EXERCISE INPUT

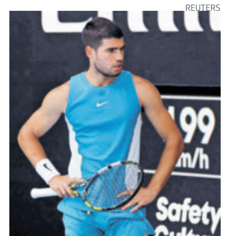
Carlos Alcaraz tomó la decisión de tomar caminos separados.

De los 7 años juntos, Ferrero reconoce que de los momentos más bonitos fue la etapa de los 15 a los 18 años, por el crecimiento.
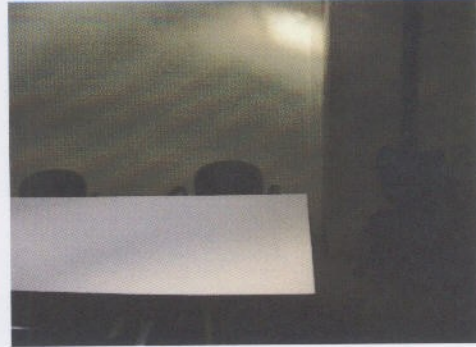
Fotografía 4: Sala reuniones Gerencia
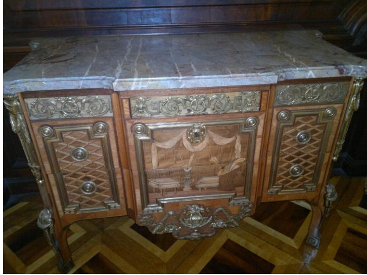
صندوق اثري في المتحف التاريخي

وفي احدى صالات الاثاث تبرز مدى التقنية الفنية للحفر على الخشب. وجذب نظري منضدة ضخمة في احد اركان المتحف تعود لعام 1702 من المرمر ورسمت عليها صور الحيوانات، وفي الوسط لوحة طبيعية.
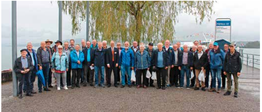
Gesamtfoto der Festgemeinde
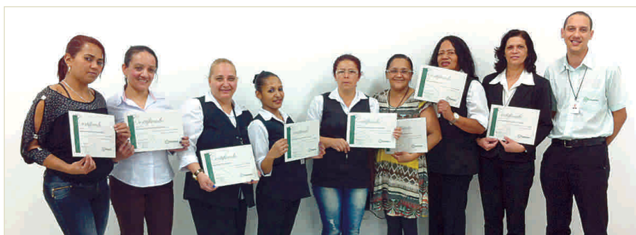
Copeiros que participaram do treinamento no dia 19 de agosto
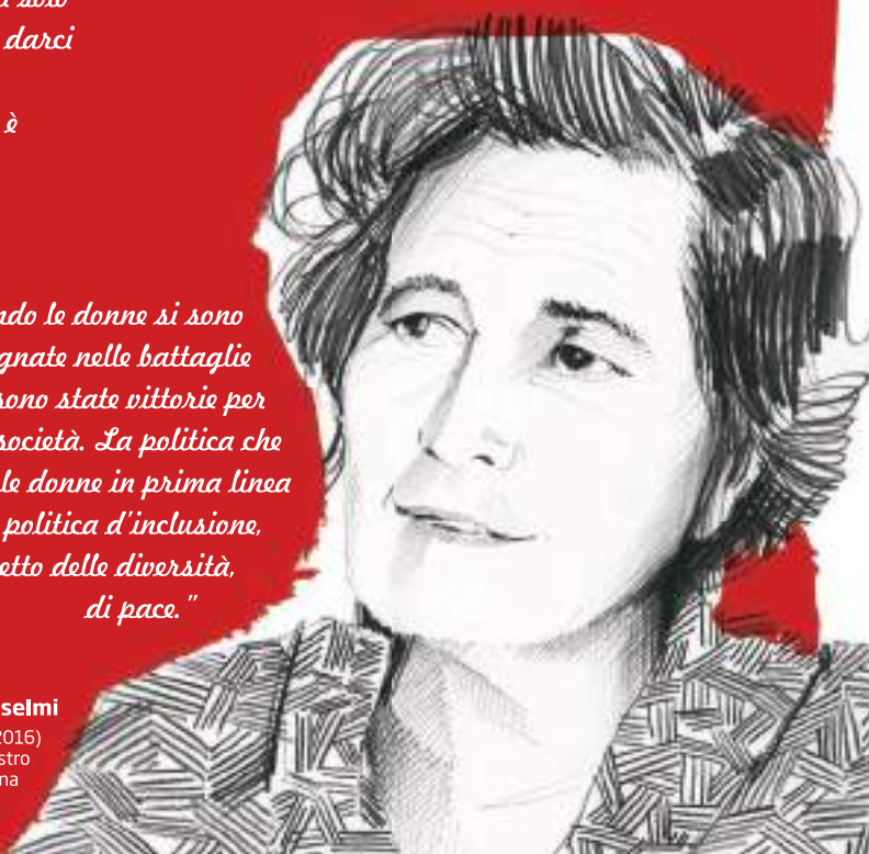
Tina Anselmi politica, partigiana (1927-2016) prima donna ministro della Repubblica italiana

Il 2 giugno 1946 il suffragio universale e l'esercizio dell'elettorato passivo portarono per la prima volta in Parlamento anche le donne. Si votò per il Referendum istituzionale tra Monarchia e Repubblica e per l'Assemblea Costituente che si riunì il 25 giugno del 1946. Su un totale di 556 deputati furono elette 21 donne: la loro intesa passione politica le porterà a superare i tanti ostacoli che, all'epoca, resero difficile la partecipazione delle donne alla vita politica.
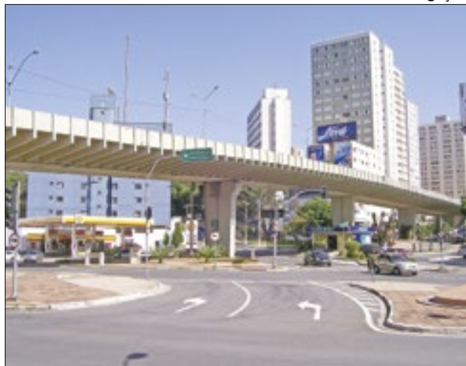
Novo viaduto Roza Cabinda é inaugurado
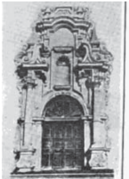
Fig. 2. Frontispicio de la capilla de Palacio.
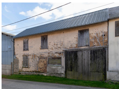
Ancienne maison de serger avec logis et atelier, n°4 rue du Calvaire, vue depuis l'ouest.
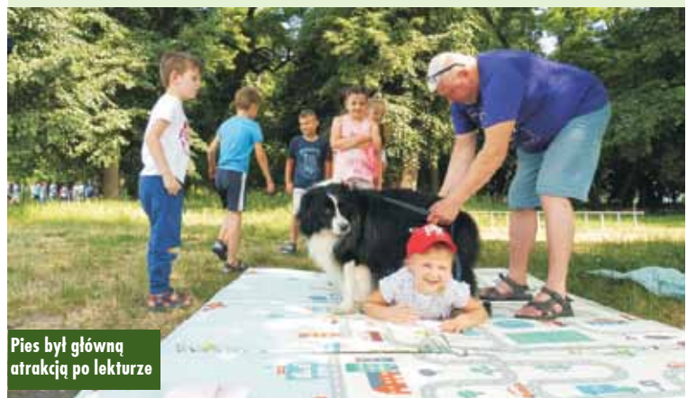
Pies był główną atrakcją po lekturze
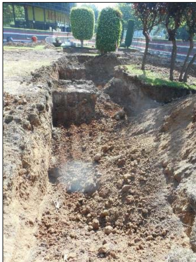
8. Vista de l'àmbit d'actuació amb la presència de diferents fonaments de formigó pertanyents a serveis de reg i manteniment de la bassa anterior.
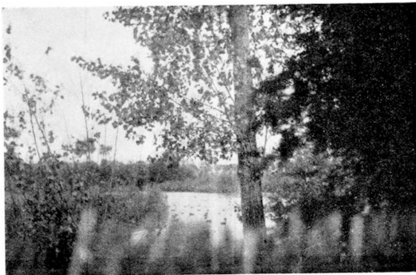
Middenin lag de plas — Het wemelde er van eenden. . .

O, dat lijkt een onschuldige loop- plank, die uit het water op den kant voert, maar er zit een lange lijn aan, die loopt naar het plekje waar de
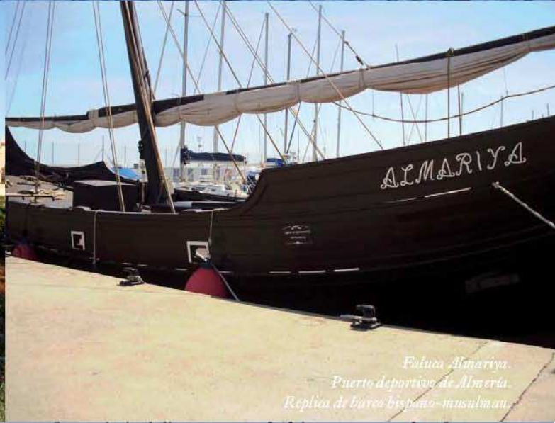
Faluca Almariya. Puerto deportivo de Almería. Replica de barcos hispano-musulman.
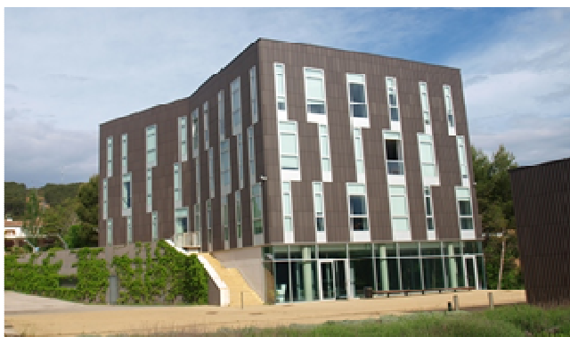
La Sección de Protección de Cultivos está ubicada en la Finca de La Grajera (Logroño), en la tercera planta del edificio administrativo del ICVV.

El pasado año no fue posible editar todos los números del boletín en formato papel, debido a la COVID-19, emitiéndose sólo en formato digital. Por ello, desde la Sección de Protección de cultivos, se recuerda a los usuarios que pueden solicitar el cambio de modalidad de papel a digital, llamando al teléfono indicado o enviando un correo.
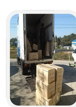
과자류 기증 (주)신나라

굿월자원봉사단은 우리 수원 굿월스토어의 자량입니다. 장애인과 취약계층의 사람들에게 일자리를 제공하여 개인의 자존감을 높여주고 인격을 회복시켜줌과 동시에 경제적인 자립을 지원함으로써 개인과 가정과 사회의 구성원으로서 당당한
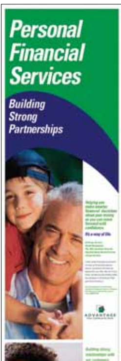
297 x 120 cm / Banner
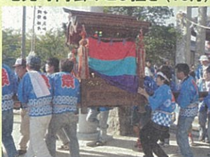
地元町内会みこし担ぎ(10月)
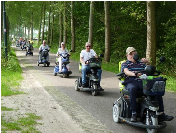
De speciale scootmobieltocht van 20 juli
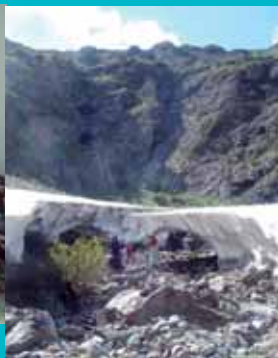
Camp des filles dans le Dauphiné : promenade au pied des glaciers
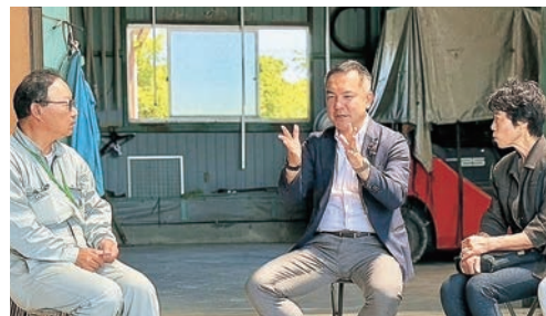
地元農業従事者との意見交換
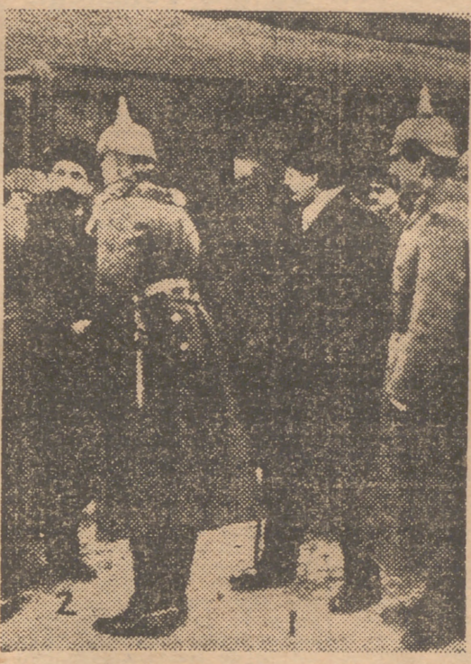
El lunes día 11 se celebra el aniversario del armisticio de 1918. Esta fotografía retrospectiva recoge el momento de la llegada de los delegados.

Dos fiestas seguidas pueden ser una tentación para los abstencionistas. El puente, el famoso puente del sábado al martes... Porque el lunes, aniversario del armisticio de 1918, es también festivo, aunque por gracia especial se publiquen los periódicos. Saldrán los de París y provincias con las páginas cuajadas de resultados electorales, retratos de candidatos triunfantes y algún que otro comentario vituperador o arrogante. Retengamos las cifras de la última consulta electoral, el referéndum. De 26.203.459 inscritos sólo votaron 17.407.307, pronunciándose por la Constitución 8.263.416, y en contra, 8.143.891. ¿Tendrá la abstención la misma importancia para elegir 619 diputados, o sea 32, más de la fenecida Asamblea Constituyente? En este caso sería una Re-Constituyente de poca eficacia curativa.
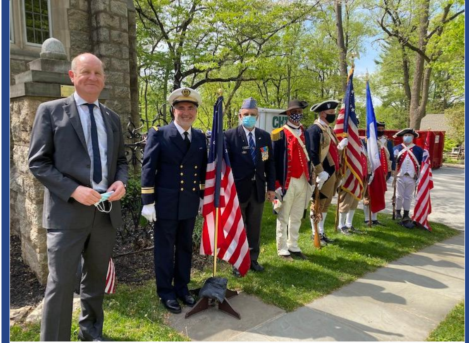
2 mai 2021 : nous avons eu l'honneur de participer à la commémoration annuelle du « French Alliance Day » à Valley Forge, en Pennsylvanie. Conformément aux instructions du général
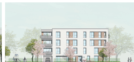
Ansicht West Baufeld G3 1:200
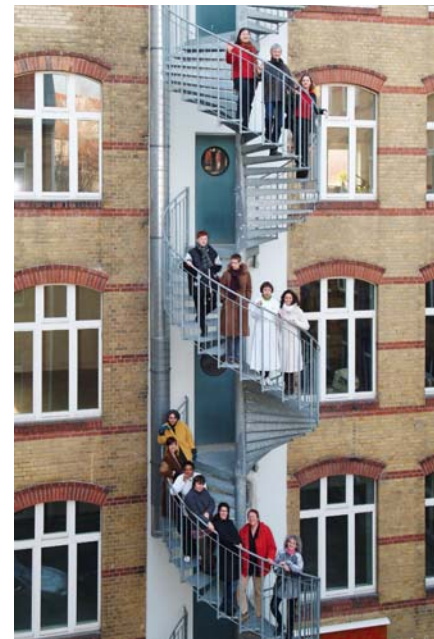
Abb. 2: Hof WeiberWirtschaft eG

Die WeiberWirtschaft eG ist eine 1989 in Berlin gegründete Frauengenossenschaft mit zurzeit ca. 1.650 Mitgliedern. Die WeiberWirtschaft setzt mit ihrem innovativen unternehmerischen Ansatz, aus damaliger Perspektive, an zwei Schwachpunkten an: der niedrigen Frauenquote bei Unternehmensgründungen und der Benachteiligung von Frauen bei der Kreditvergabe. Mit der WeiberWirtschaft haben die Gründerinnen unterstützende Infrastruktur geschaffen, um diese Benachteiligungen abzubauen. Hinzu kommt auch die Verfolgung ökologischer Interessen – in ihrem Gebäude in der Rosenthaler Vorstadt nutzt die WeiberWirtschaft u.a. regenerative Energieträger und verfügt über eine Regenwassernutzungsanlage sowie ein gemeinsames Sammel- und Entsorgungssystem mit Rückführung von Wertstoffen und Kompostierung von Gartenabfällen. Für ihr stadtökologisches Gesamtkonzept wurde der WeiberWirtschaft 2004 der NABU-Baupreis verliehen.
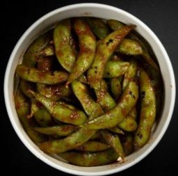
ايدامامي بالملح Salt Edamame 2.8 OMR
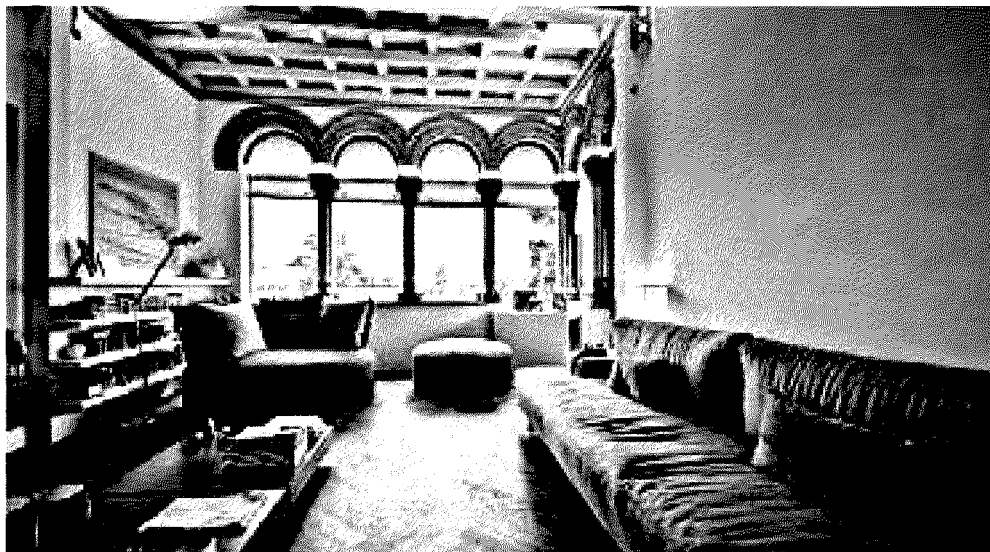
Appartamento in Viale Vittorio Emanuele II.
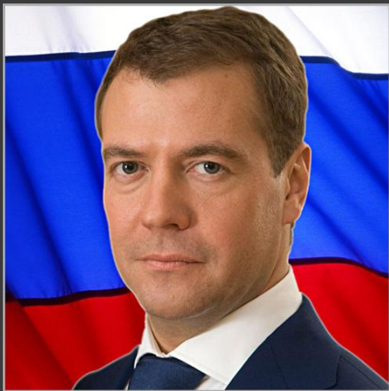
Президент России Д.А.Медведев

Указом Президента Российской Федерации Дмитрия Анатольевича Медведева присвоено почётное звание Российской Федерации «Город воинской славы».
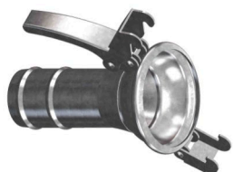
Redukční spojka s koncovkou na hadici
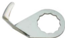
C-8T LONGITUD DE CORTE: 18 mm
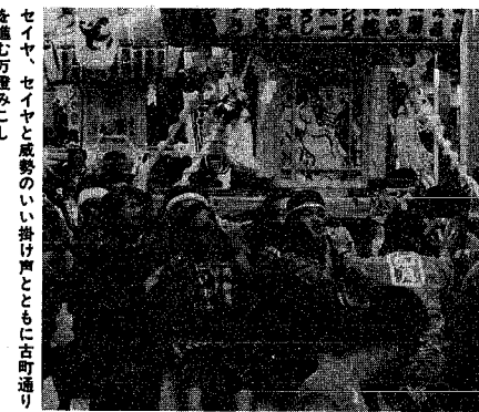
セイヤ、セイヤと威勢のいい掛け声とともに古町通りを進む万燈籠みこし

三千五百人の威勢のいい掛け声が周りを熱気に包んだ市民みこし。かわいいうらみこしが印象的だったまつり行列。二万六千人の踊り手が万代橋やメインストリートを埋めた大民謡流し。そしてスターマインが美しかった花火大会も。新潟まつりは大気にも恵まれ、例年以上の盛り上がりみこしをみせ、三日間で七十三万人の人出がありました。
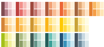
19 colour ranges

CaparolColor Compact now comprises 210 colours in 30 colour families , each with 1 full colour and 6 lightness levels. The arrangement of the colour ranges in the fan block is practicable and simplifies finding the desired nuances.
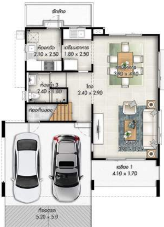
1 st floor
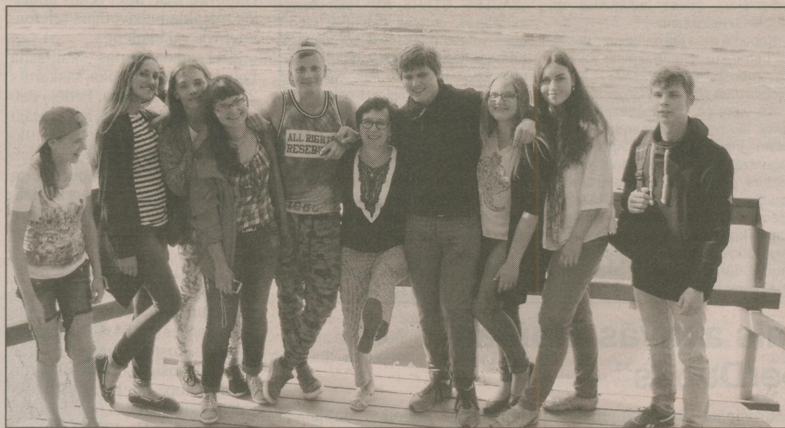
● Teātra grupa „Kājām gaisā” pie jūras.

— tas viss izjūst Cēsis. Būdami Āraišu ezerpilī, pārlicinājāmies, ka mūsdienu cilvēks ir vārda tiešākajā nozīmē audzis savā attīstībā, jo mājiņu izmēri liecina par maza auguma iemītniekiem. Un radās domas par brīvdabas izrādi tautas tērpos, pārvēršot Āraišu ezerpils mājiņas par sava veida skatuvi.
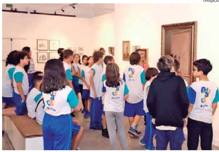
O objetivo é promover uma experiência cultural enriquecedora aos alunos da rede municipal
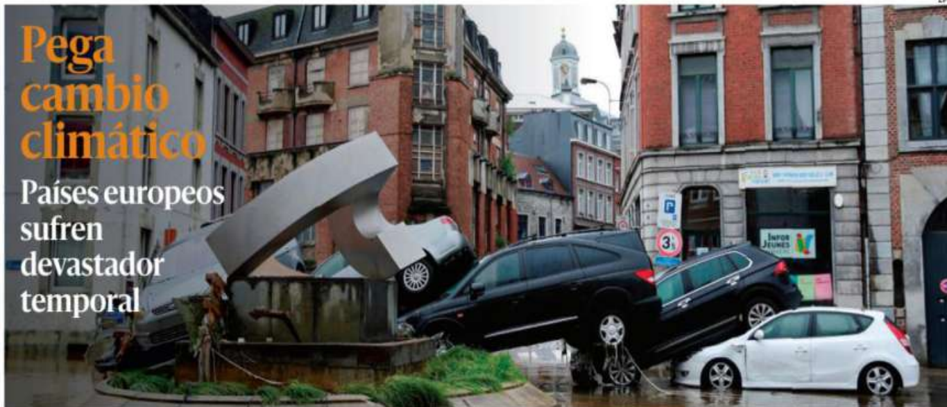
Las peores inundaciones del Siglo XXI en Alemania, Bélgica, Países Bajos, Luxemburgo y norte de Francia provocaron ayer al menos 69 muertos por culpa de deslaves que golpearon sobre todo la zona oeste del país germano. Hay, además, mil 300 personas desaparecidas. PAG 15

Países europeos sufren devastador temporal

WHAT TO WORK ON
Nothing should be printed except the lines from the one with "Президент России Д.А.Медведев" through the last line of the listing above, both ends included; please drop the pictures.

ANSWER TO THIS PROBLEM
Президент России Д.А.Медведев

Указом Президента Российской Федерации Дмитрия Анатольевича Медведева присвоено почётное звание Российской Федерации «Город воинской славы».
Redukční spojka s koncovkou na hadici
C-8T LONGITUD DE CORTE: 18 mm
セイヤ、セイヤと威勢のいい掛け声とともに古町通りを進む万燈籠みこし

三千五百人の威勢のいい掛け声が周りを熱気に包んだ市民みこし。かわいいうらみこしが印象的だったまつり行列。二万六千人の踊り手が万代橋やメインストリートを埋めた大民謡流し。そしてスターマインが美しかった花火大会も。新潟まつりは大気にも恵まれ、例年以上の盛り上がりみこしをみせ、三日間で七十三万人の人出がありました。
19 colour ranges

CaparolColor Compact now comprises 210 colours in 30 colour families , each with 1 full colour and 6 lightness levels. The arrangement of the colour ranges in the fan block is practicable and simplifies finding the desired nuances.
1 st floor
● Teātra grupa „Kājām gaisā” pie jūras.

— tas viss izjūst Cēsis. Būdami Āraišu ezerpilī, pārlicinājāmies, ka mūsdienu cilvēks ir vārda tiešākajā nozīmē audzis savā attīstībā, jo mājiņu izmēri liecina par maza auguma iemītniekiem. Un radās domas par brīvdabas izrādi tautas tērpos, pārvēršot Āraišu ezerpils mājiņas par sava veida skatuvi.
O objetivo é promover uma experiência cultural enriquecedora aos alunos da rede municipal
Las peores inundaciones del Siglo XXI en Alemania, Bélgica, Países Bajos, Luxemburgo y norte de Francia provocaron ayer al menos 69 muertos por culpa de deslaves que golpearon sobre todo la zona oeste del país germano. Hay, además, mil 300 personas desaparecidas. PAG 15

Países europeos sufren devastador temporal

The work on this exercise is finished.